The problem is usually that we set resolutions based on who we wish we were, not based on who we actually are. We set goals that require us to become fundamentally different people, rather than working with our actual habits and tendencies. A resolution to "exercise more" fails because it doesn't account for the fact that you genuinely hate the gym. A resolution to "save more money" fails because it doesn't create a system that makes saving automatic.
The Systems Approach
What I've learned from researching habit formation is that systems beat goals every time. A goal is an outcome you want to achieve. A system is the process you engage in that makes achieving that outcome inevitable. If your goal is to run a marathon, the system is: run three times a week, gradually increasing mileage. If your goal is to read more, the system is: read for 20 minutes before bed each night.
The Resolution Planner helps you break big goals into trackable systems. Instead of vague "exercise more," you set a specific action you'll take daily or weekly. Instead of "save money," you commit to a specific amount transferred to savings each payday.

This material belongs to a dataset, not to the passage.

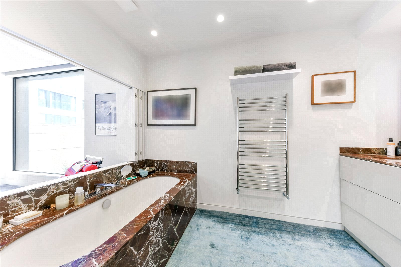 The principal bedroom occupies the entire first floor and includes a smart en-suite bathroom. Dual-aspect windows provide pleasant views across the terrace.

Start Smaller Than You Think
The biggest resolution killer is trying to do too much at once. If you want to build an exercise habit, start with five minutes a day, not an hour. If you want to eat better, add one healthy meal per day, not a complete diet overhaul. The point isn't the initial behavior change—it's proving to yourself that you can maintain consistency. Once you've done five minutes daily for a month, expanding to ten minutes feels natural, not overwhelming.
Accountability Matters
Most people don't keep resolutions because there's no accountability. Share your resolutions with someone who'll check in on your progress. Use the Resolution Planner to track progress weekly. When you know someone else is watching—or when you've committed publicly—failure feels more costly. This isn't about shame; it's about creating the conditions for success.